Member of the Limpopo Executive Council for Health and Social Development
- In office 13 March 2012 – 19 July 2013
- Premier: Cassel Mathale
- Preceded by: Dikeledi Magadzi
- Succeeded by: Dipuo Letsatsi-Duba

Personal details
- Citizenship: South Africa
- Party: African National Congress

= Norman Mabasa =

South African politician

Norman Mabasa was a South African medical doctor and politician who served as Limpopo's Member of the Executive Council (MEC) for Health and Social Development from March 2012 until July 2013. During that time, he represented the African National Congress in the Limpopo Provincial Legislature. Mabasa was the chairperson of the South African Medical Association before his appointment as MEC and he remains a general practitioner by profession.

== Career ==
Mabasa is a medical doctor and worked as a general practitioner. In 1999, he joined the board of the South African Medical Association (SAMA), a non-statutory professional association. He served a term as president of SAMA and was elected its chairperson in October 2009.

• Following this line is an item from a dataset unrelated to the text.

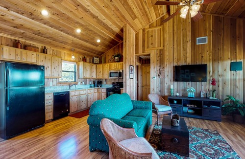 Discover the beauty and excitement of Blanco from this rustic rambler for six! Embracing its natural surroundings, this charming cabin has wood floors, walls, and ceilings well complemented by nice furnishings. You'll also enjoy Panoramic Hill Country views!

On 14 March 2012, Cassel Mathale, then the Premier of Limpopo, announced that Mabasa would join the Free State Executive Council as MEC for Health and Social Development, replacing Dikeledi Magadzi. He resigned from SAMA in order to take up the position and was sworn in to the Free State Provincial Legislature, representing the African National Congress. However, Mabasa remained in office as MEC for less than two years: in July 2013, Mathale was replaced by Premier Stan Mathabatha, who fired eight of Mathale's ten MECs, including Mabasa.'

Mabasa served the remainder of the legislative term as an ordinary Member of the Provincial Legislature but did not seek re-election in the 2014 general election. As of 2021, he had returned to his practice as a general practitioner in Kagiso in Krugersdorp, Gauteng while also serving as chairperson of the Unity of Forum of Family Practitioners, a lobby group.